Dataset excerpt:
__________
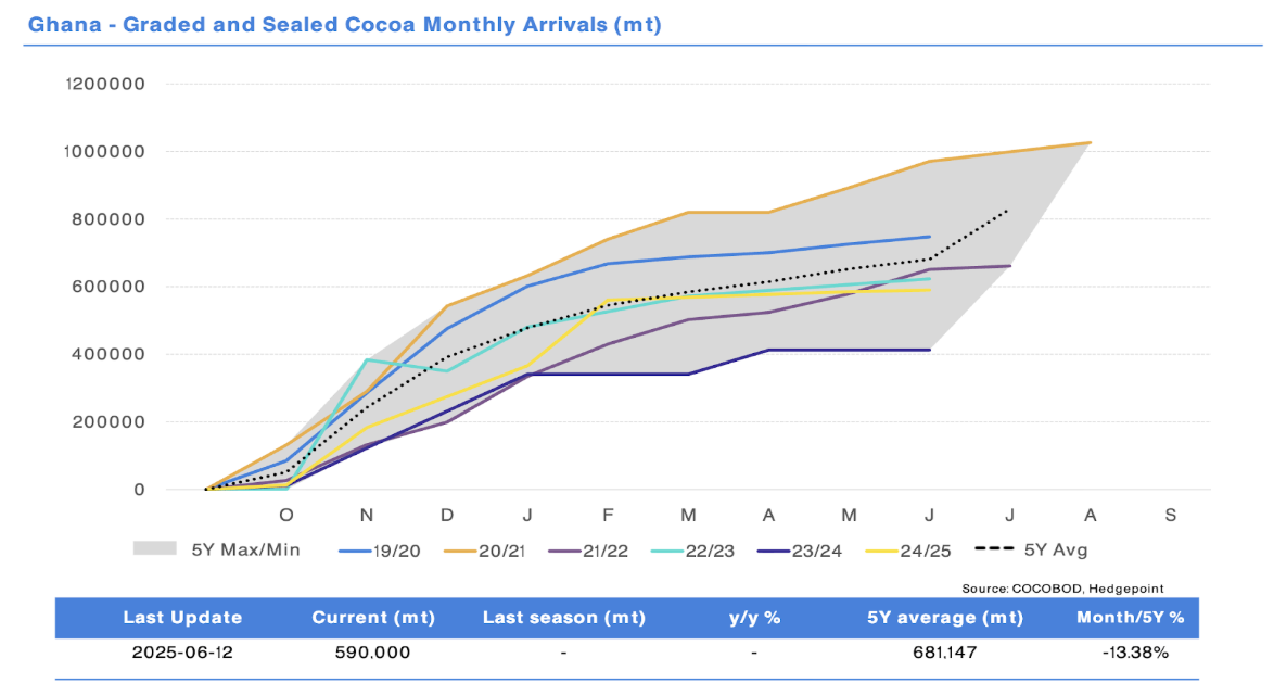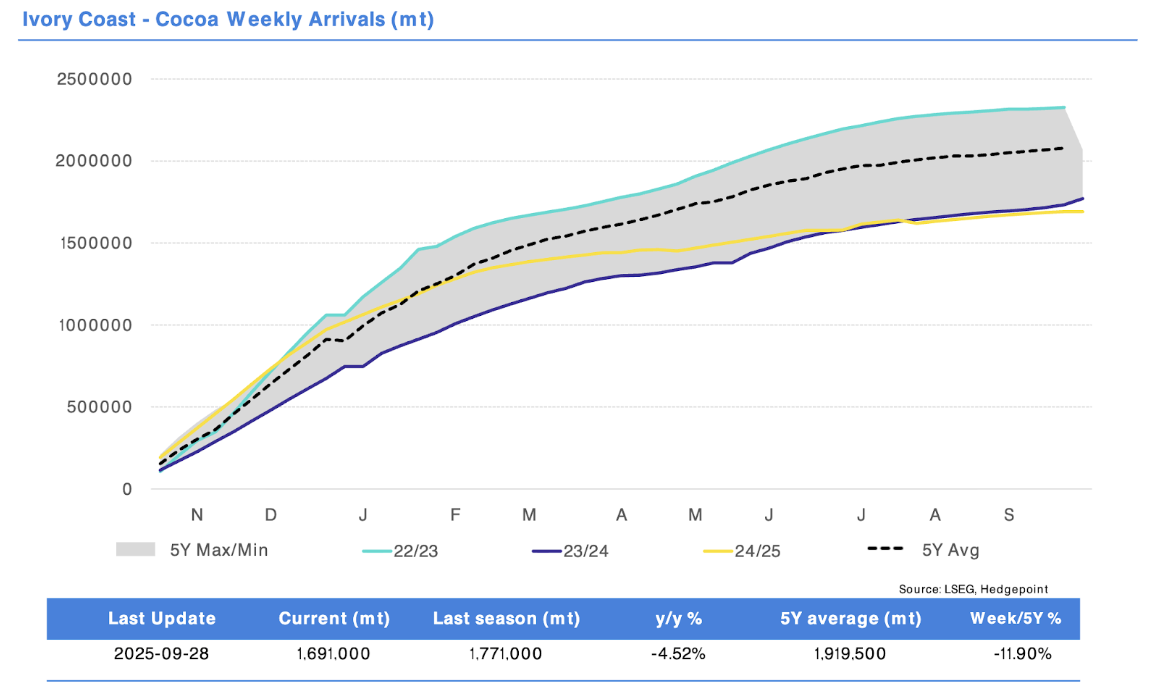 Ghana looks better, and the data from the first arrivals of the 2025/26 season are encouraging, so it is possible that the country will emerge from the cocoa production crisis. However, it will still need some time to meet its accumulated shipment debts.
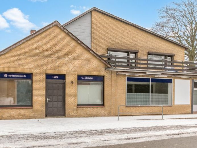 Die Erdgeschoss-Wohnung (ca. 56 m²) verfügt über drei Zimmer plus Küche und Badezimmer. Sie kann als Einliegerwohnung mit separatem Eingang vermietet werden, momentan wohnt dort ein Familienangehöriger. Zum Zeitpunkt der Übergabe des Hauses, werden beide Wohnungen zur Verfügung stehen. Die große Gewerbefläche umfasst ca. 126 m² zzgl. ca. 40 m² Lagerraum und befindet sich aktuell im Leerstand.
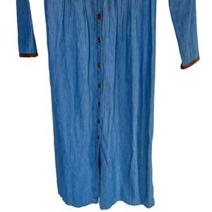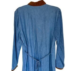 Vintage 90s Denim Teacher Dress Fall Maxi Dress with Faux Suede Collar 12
__________
Task description:
Set down, word for word, the full listing above, and carry over no pictures.

Response:
 Ghana looks better, and the data from the first arrivals of the 2025/26 season are encouraging, so it is possible that the country will emerge from the cocoa production crisis. However, it will still need some time to meet its accumulated shipment debts.
 Die Erdgeschoss-Wohnung (ca. 56 m²) verfügt über drei Zimmer plus Küche und Badezimmer. Sie kann als Einliegerwohnung mit separatem Eingang vermietet werden, momentan wohnt dort ein Familienangehöriger. Zum Zeitpunkt der Übergabe des Hauses, werden beide Wohnungen zur Verfügung stehen. Die große Gewerbefläche umfasst ca. 126 m² zzgl. ca. 40 m² Lagerraum und befindet sich aktuell im Leerstand.
 Vintage 90s Denim Teacher Dress Fall Maxi Dress with Faux Suede Collar 12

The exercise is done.